** DATA FOR ANALYSIS follows **

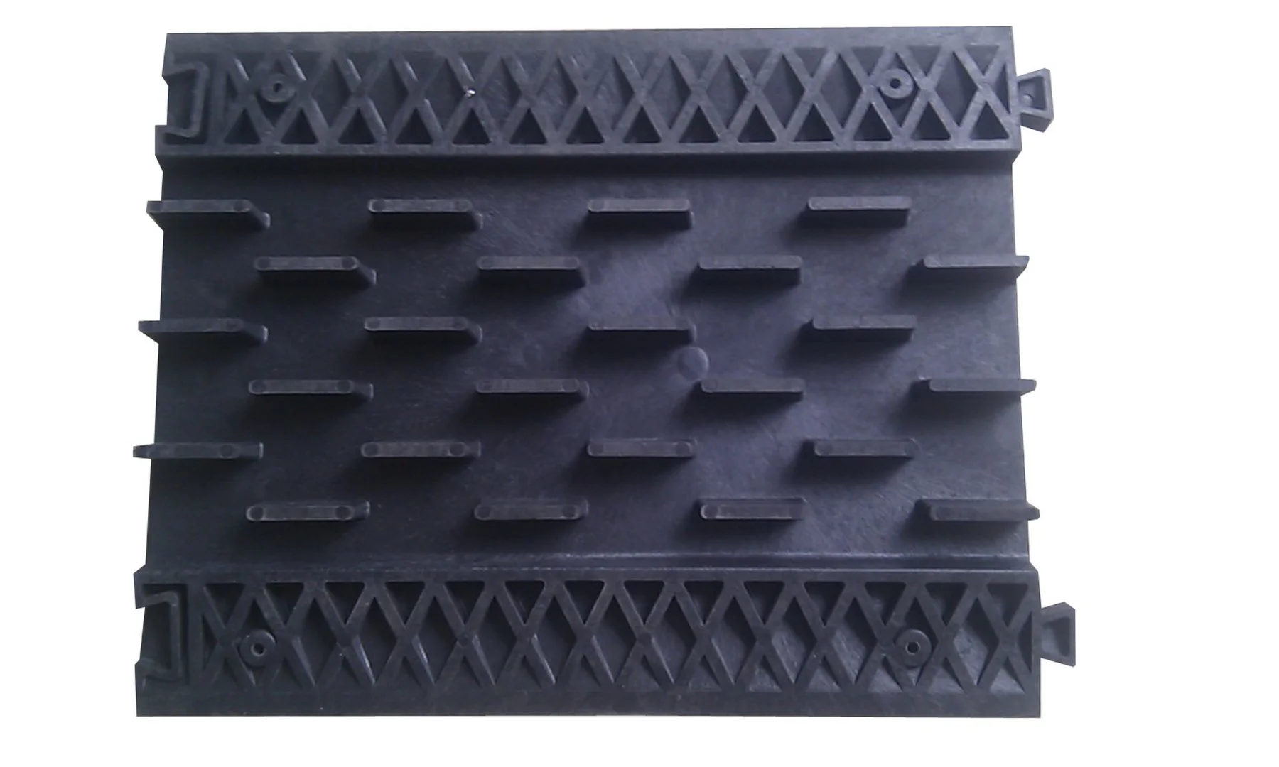 Je vyrobena z polotvrdé pryže. Každý prvek je vybaven čtyřmi otvory pro snadnou instalaci a dvěma reflexními pruhy tř.1 pro zvýšenou viditelnost. Uprostřed přejezdu se nachází sedm drážek pro průtah kabelů – max. 2× Ø 20 mm a max. 5× Ø 25 mm.
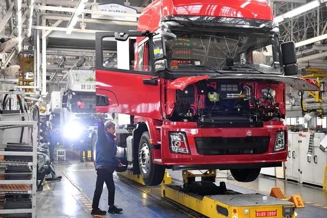 工業(yè)機器人揮舞長臂,工人在生產線上緊張忙碌。在位于西安經開區(qū)涇渭新城的陜汽控股集團,總裝車間正馬力全開,每6分鐘就有一輛整車從這里下線。
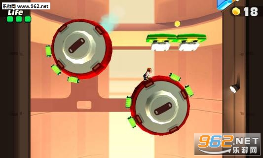 游戏中并没有任何的虚拟按键,玩家们只要随意点击屏幕任意位置都可以控制主角跳跃,至于左右方向那就没有办法控制了,只能让他撞到墙才会回头。除了要多多注意障碍之外,还会有很多机关的出现,例如上下移动的踏板、旋转的跳台等等。
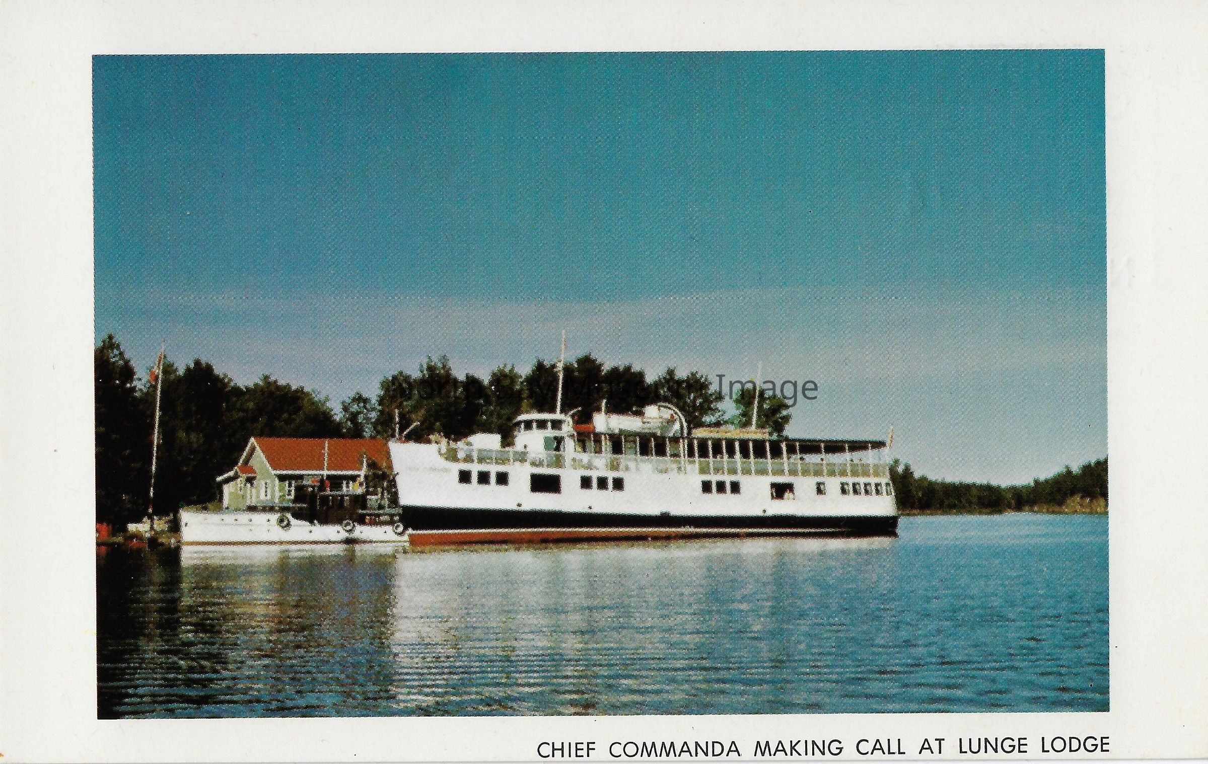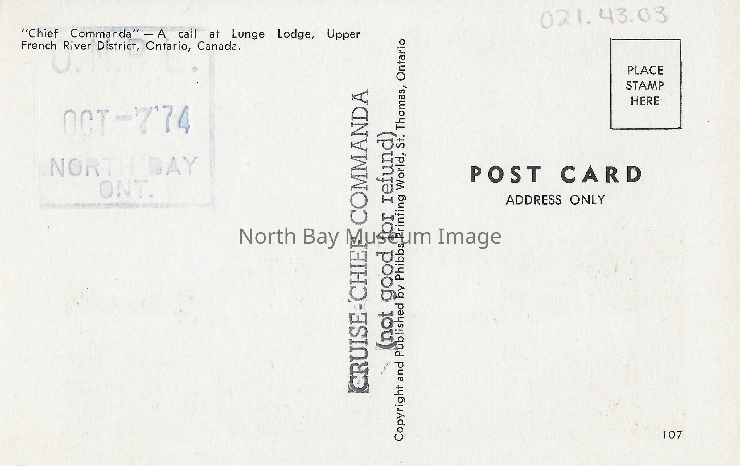 Colour postcard with photograph of the Chief Commanda at Lunge Lodge. On the back "Chief Commanda-A cail at Lunge Lodge, Upper French River District, Ontario Canada." and "Copyright and Published by Phibbs Printing World, St. Thomas, Ontario." Stamped on back is "U.N.B.L Oct-7'74 North Bay ONT." and "Cruise-Chief Commanda (not good for refund)".Creator
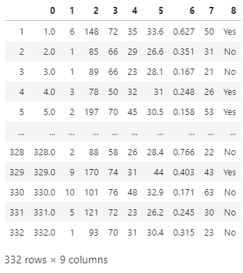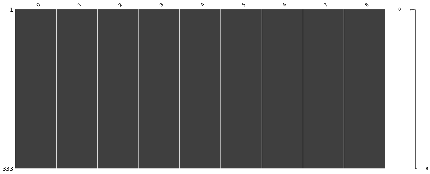 dtype: float64import missingno as msno import matplotlib.pyplot as plt import pandas as pd df = pd.read_csv('diab.csv', header=None) msno.matrix(df) plt.show()
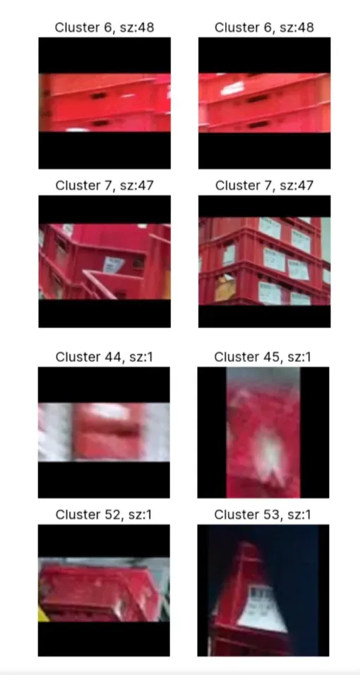 앞서 큰 클러스터에 속한 네 장의 이미지와 작은 클러스터에 속한 네 장의 이미지를 보여드렸는데요. 모두 소형 적재 캐리어의 사진임에도 불구하고 왼 쪽보다 오른 쪽의 사진들이 더 구분하기 어렵다는 것을 쉽게 아실 수 있습니다.
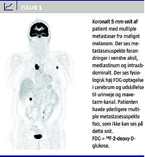 Man har i flere studier har bekræftet, at FDG-PET er af begrænset værdi til stadieinddeling af uselekterede stadie I- og stadie II-MM-patienter, og FDG-PET kan ikke erstatte SNB's rolle i den initiale stadieinddeling [10]. Derimod er det veldokumenteret, at FDG-PET er effektiv til at detektere viscerale melanommetastaser med en specificitet på 56-100% og en sensitivitet på 67-100% [9]. Desuden er FDG-PET fundet at være bedre end konventionelle undersøgelser som klinisk undersøgelse, røntgen, ultralydsskanning og CT med hensyn til diagnosticering af fjernmetastaser [9, 11].

** End of DATA FOR ANALYSIS **

#### TO DO
When you transcribe the entries above, keep every word exact and leave out the pictures.

#### RESPONSE AREA
 Je vyrobena z polotvrdé pryže. Každý prvek je vybaven čtyřmi otvory pro snadnou instalaci a dvěma reflexními pruhy tř.1 pro zvýšenou viditelnost. Uprostřed přejezdu se nachází sedm drážek pro průtah kabelů – max. 2× Ø 20 mm a max. 5× Ø 25 mm.
 工業(yè)機器人揮舞長臂,工人在生產線上緊張忙碌。在位于西安經開區(qū)涇渭新城的陜汽控股集團,總裝車間正馬力全開,每6分鐘就有一輛整車從這里下線。
 游戏中并没有任何的虚拟按键,玩家们只要随意点击屏幕任意位置都可以控制主角跳跃,至于左右方向那就没有办法控制了,只能让他撞到墙才会回头。除了要多多注意障碍之外,还会有很多机关的出现,例如上下移动的踏板、旋转的跳台等等。
 Colour postcard with photograph of the Chief Commanda at Lunge Lodge. On the back "Chief Commanda-A cail at Lunge Lodge, Upper French River District, Ontario Canada." and "Copyright and Published by Phibbs Printing World, St. Thomas, Ontario." Stamped on back is "U.N.B.L Oct-7'74 North Bay ONT." and "Cruise-Chief Commanda (not good for refund)".Creator
 dtype: float64import missingno as msno import matplotlib.pyplot as plt import pandas as pd df = pd.read_csv('diab.csv', header=None) msno.matrix(df) plt.show()
 앞서 큰 클러스터에 속한 네 장의 이미지와 작은 클러스터에 속한 네 장의 이미지를 보여드렸는데요. 모두 소형 적재 캐리어의 사진임에도 불구하고 왼 쪽보다 오른 쪽의 사진들이 더 구분하기 어렵다는 것을 쉽게 아실 수 있습니다.
 Man har i flere studier har bekræftet, at FDG-PET er af begrænset værdi til stadieinddeling af uselekterede stadie I- og stadie II-MM-patienter, og FDG-PET kan ikke erstatte SNB's rolle i den initiale stadieinddeling [10]. Derimod er det veldokumenteret, at FDG-PET er effektiv til at detektere viscerale melanommetastaser med en specificitet på 56-100% og en sensitivitet på 67-100% [9]. Desuden er FDG-PET fundet at være bedre end konventionelle undersøgelser som klinisk undersøgelse, røntgen, ultralydsskanning og CT med hensyn til diagnosticering af fjernmetastaser [9, 11].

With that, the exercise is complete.